• ASSIGNED TASK: Apart from the pictures, every line below is to be set down exactly.

• RECORDED INFORMATION:
↓↓↓
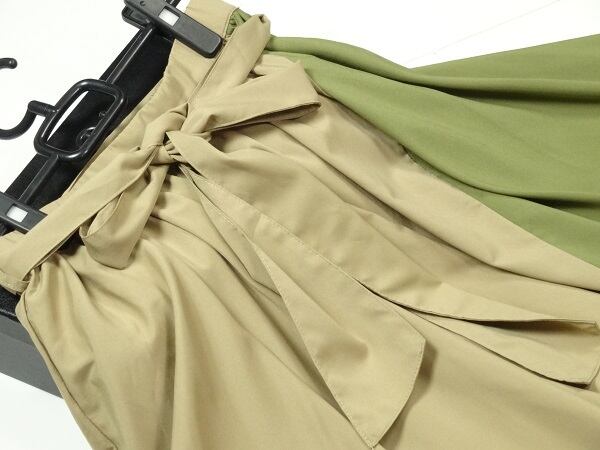 アンシンメトリーフレア-スカ-トです。ウエスト部分は同布ベルト(取り外し可)がついていて、裾はランダムカットのアンシンメトリータイプで揺れ感がとても良いです。フォーマル・カジュアルさまざまなシーンに活躍してくれます。ファスナ-なし。裏地あり。
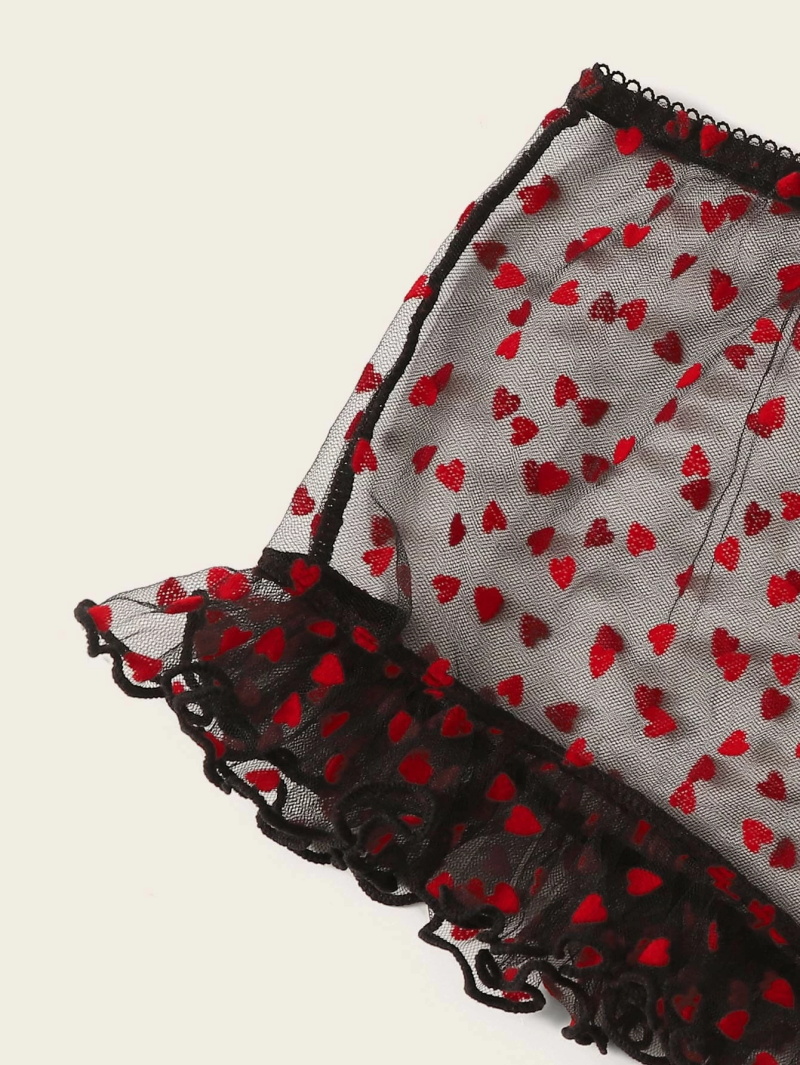 Red Heart Padded Lingerie Set with Polka Dot Mesh
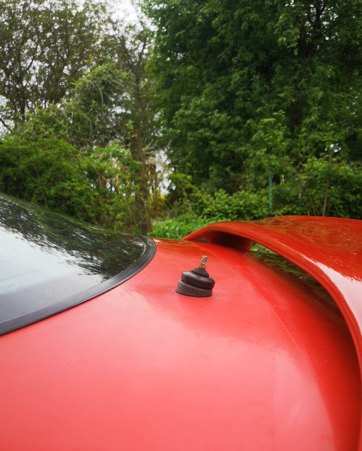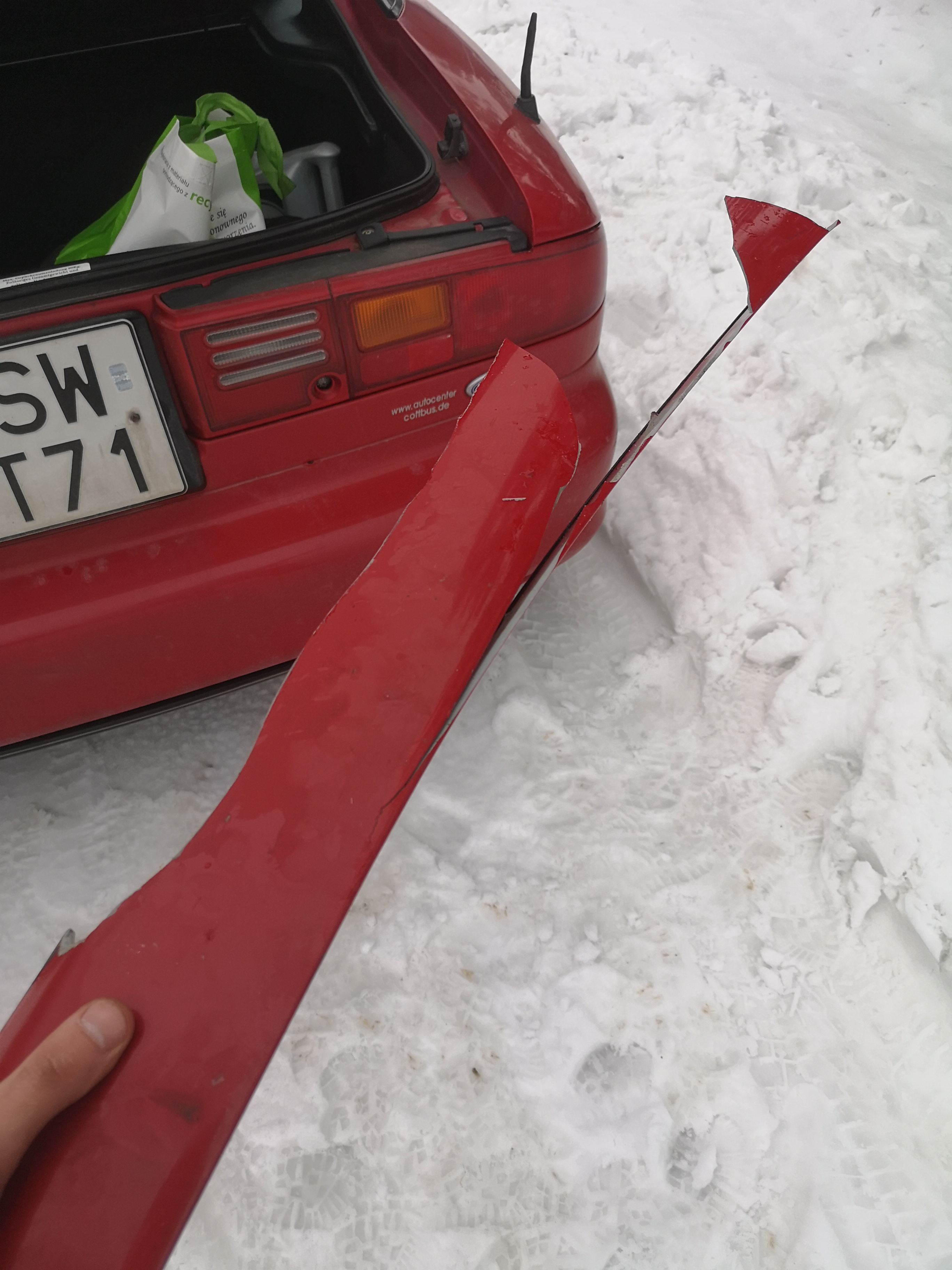 Na chwilę obecną chcę się zająć tylną klapą, ponieważ pod jednym z mocowań spojlera zaczęła się zbierać woda i niestety wyszedł nasz rudy przyjaciel. Dodatkowo z samego spojlera również schodzi klar i pomysł na tę chwilę jest taki, żeby zdemontować klapę oraz spojler, wszystko wyczyścić, zmatowić spojler oraz dolną część klapy i pomalować to spray'em (sam nie mam dostępu do lepszego sprzętu lakierniczego). Na koniec zdjęcie klapy z defektem.
↑↑↑
• WRITTEN ANSWER:
 アンシンメトリーフレア-スカ-トです。ウエスト部分は同布ベルト(取り外し可)がついていて、裾はランダムカットのアンシンメトリータイプで揺れ感がとても良いです。フォーマル・カジュアルさまざまなシーンに活躍してくれます。ファスナ-なし。裏地あり。
 Red Heart Padded Lingerie Set with Polka Dot Mesh
 Na chwilę obecną chcę się zająć tylną klapą, ponieważ pod jednym z mocowań spojlera zaczęła się zbierać woda i niestety wyszedł nasz rudy przyjaciel. Dodatkowo z samego spojlera również schodzi klar i pomysł na tę chwilę jest taki, żeby zdemontować klapę oraz spojler, wszystko wyczyścić, zmatowić spojler oraz dolną część klapy i pomalować to spray'em (sam nie mam dostępu do lepszego sprzętu lakierniczego). Na koniec zdjęcie klapy z defektem.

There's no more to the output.